From my understanding, the pressure sensor is essentially a wheatstone bridge circuit, with the output voltages coming from the nodes on either side of the bridge. If this is the case, there's no way that the voltage could go negative, right? I just get nervous when things are analog and I'm not certain of their current characteristics. Anyways, if this is the case, it still doesn't explain why my LM741 couldn't handle the voltage subtraction without significant error. Any thoughts besides rapid rail switching (since I'm now thinking it might be two positive voltages)?

 

[(*steve*)]

OK, the output is differential, so whilst both will be positive (probably around Vcc/2) you can't say that one will always be higher than the other.

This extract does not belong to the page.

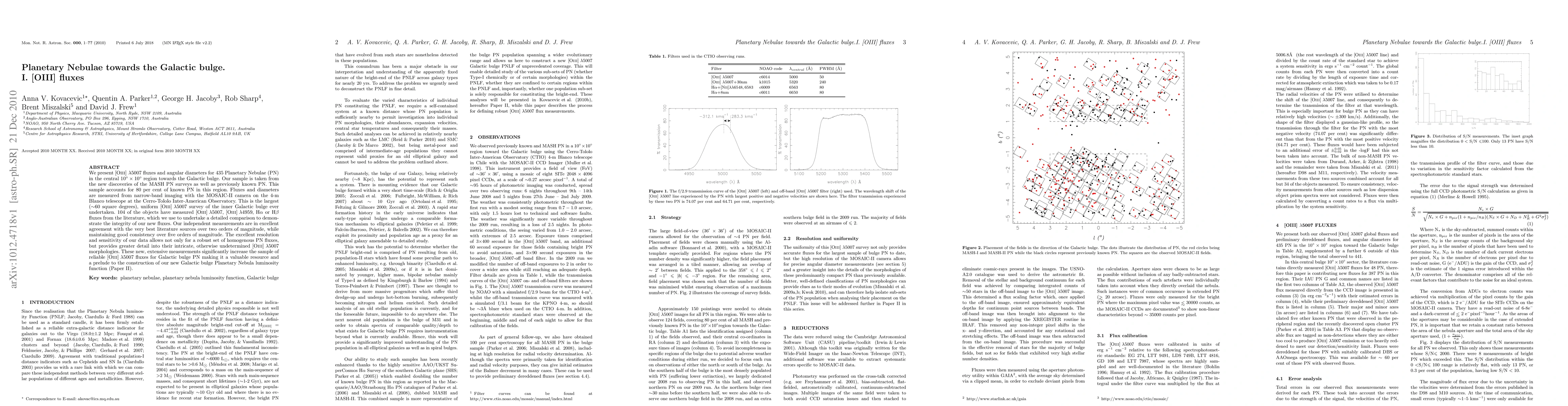 We present [OIII]{\lambda}5007 fluxes and angular diameters for 435 Planetary Nebulae (PN) in the central 10' x 10' region towards the Galactic bulge. Our sample is taken from the new discoveries of the MASH PN surveys as well as previously known PN. This sample accounts for 80% of known PN in this region. Fluxes and diameters are measured from narrow-band imaging with the MOSAIC-II camera on the 4-m Blanco telescope at the Cerro-Tololo Inter-American Observatory. This is the largest (~60 square degrees), uniform [OIII]{\lambda}5007 survey of the inner Galactic bulge ever undertaken. 104 of the objects have measured [OIII]{\lambda}5007, [OIII]{\lambda}4959, H{\alpha} or H{\beta} fluxes from the literature, which we use to undertake a detailed comparison to demonstrate the integrity of our new fluxes. Our independent measurements are in excellent agreement with the very best literature sources over two orders of magnitude, while maintaining good consistency over five orders of magnitude. The excellent resolution and sensitivity of our data allows not only for a robust set of homogenous PN fluxes, but provides greater detail into their intricate, otherwise undetermined [OIII]{\lambda}5007 morphologies. These new, extensive measurements significantly increase the sample of reliable [OIII]{\lambda}5007 fluxes for Galactic bulge PN making it a valuable resource and a prelude to the construction of our new Galactic bulge Planetary Nebula luminosity function (Paper II).

You need a differential amplifier with an appropriate gain. you should use a split power supply so that the output ranges from -??V to +??V. then you need to (maybe) shift the voltage so that the range you want lies within 0 to 5V for the arduino.

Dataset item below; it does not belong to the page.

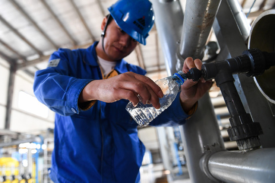 國家能源集團(tuán)旗下公司廢水處理中心,一名工作人員展示經(jīng)過處理后的污水。記者 劉磊 攝

See the bottom of page 6 of this which will allow you to do both in one stage.

With a 5V single ended power supply, the 741 is unlikely to b a suitable candidate.

 

[SolarPlexus]

I didn't understand what you meant by your last post. If the voltages are guaranteed to be positive, could I possibly plug both voltages into two analog inputs of the Arduino and then add some simple code saying:

If (analogRead(0)>analogRead(1))
{int PValue = analogRead(0) - analogRead(1)
}

else
int PValue = analogRead(1) - analogRead(0)

Or is there some problem with that measurement method?

 

[(*steve*)]

You could try that, but the variation in the voltages might be small.